## TASK INSTRUCTIONS
Instruction for the entries below: return the part that opens with the line containing "きれいなキャブでしょ、外観は" and closes with the line containing "Phần mềm Dự", exactly, and no pictures.

THE DATA START

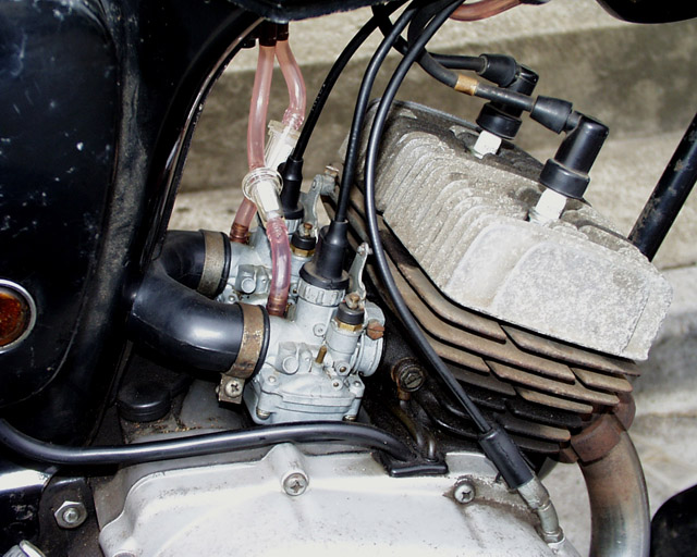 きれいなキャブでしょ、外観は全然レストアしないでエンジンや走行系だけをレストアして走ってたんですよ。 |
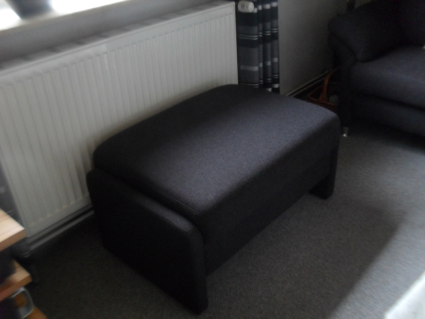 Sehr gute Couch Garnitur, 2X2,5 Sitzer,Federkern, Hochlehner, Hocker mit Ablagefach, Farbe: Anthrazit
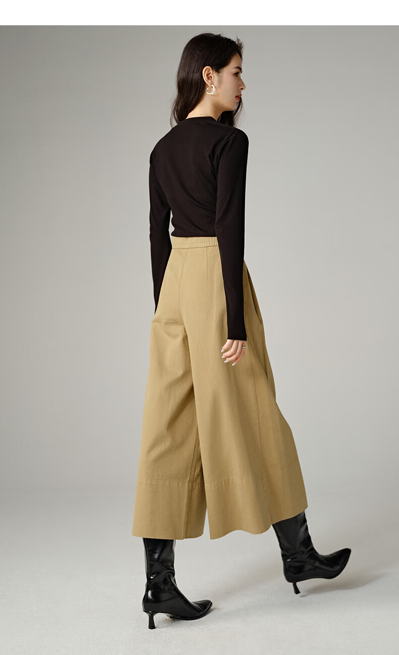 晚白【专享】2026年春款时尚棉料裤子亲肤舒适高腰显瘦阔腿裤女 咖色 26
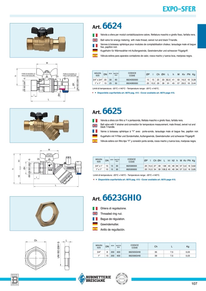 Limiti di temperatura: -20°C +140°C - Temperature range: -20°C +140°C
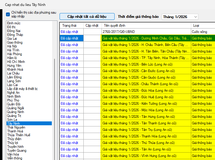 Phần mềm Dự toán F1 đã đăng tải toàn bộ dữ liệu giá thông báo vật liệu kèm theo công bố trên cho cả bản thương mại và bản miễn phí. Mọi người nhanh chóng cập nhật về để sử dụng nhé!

THE DATA END
THE DATA START

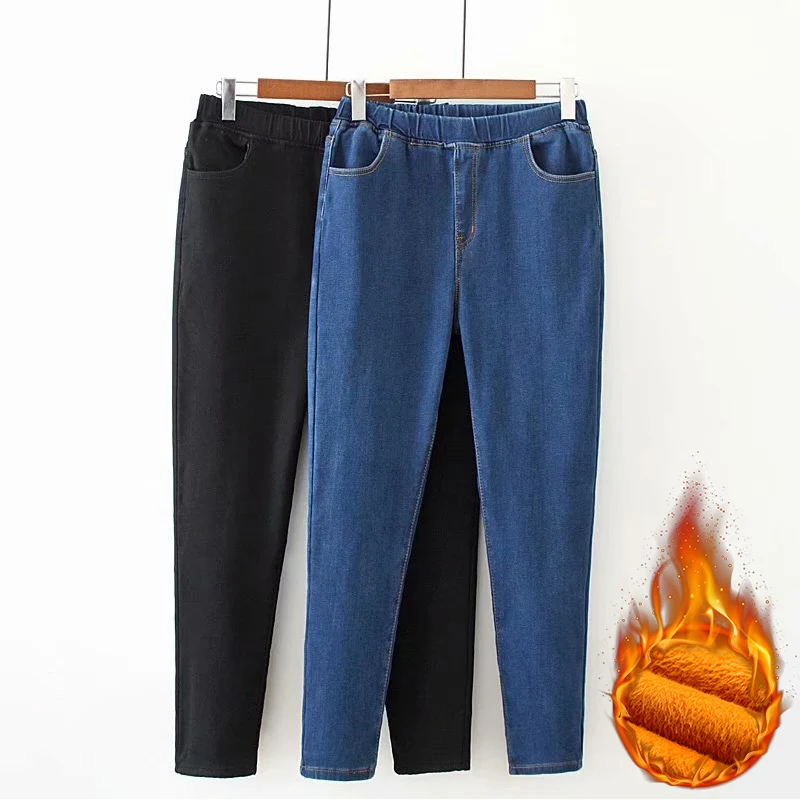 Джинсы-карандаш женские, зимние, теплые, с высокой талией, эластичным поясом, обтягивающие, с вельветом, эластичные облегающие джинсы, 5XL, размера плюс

THE DATA END

## EXERCISE OUTPUT
 きれいなキャブでしょ、外観は全然レストアしないでエンジンや走行系だけをレストアして走ってたんですよ。 |
 Sehr gute Couch Garnitur, 2X2,5 Sitzer,Federkern, Hochlehner, Hocker mit Ablagefach, Farbe: Anthrazit
 晚白【专享】2026年春款时尚棉料裤子亲肤舒适高腰显瘦阔腿裤女 咖色 26
 Limiti di temperatura: -20°C +140°C - Temperature range: -20°C +140°C
 Phần mềm Dự toán F1 đã đăng tải toàn bộ dữ liệu giá thông báo vật liệu kèm theo công bố trên cho cả bản thương mại và bản miễn phí. Mọi người nhanh chóng cập nhật về để sử dụng nhé!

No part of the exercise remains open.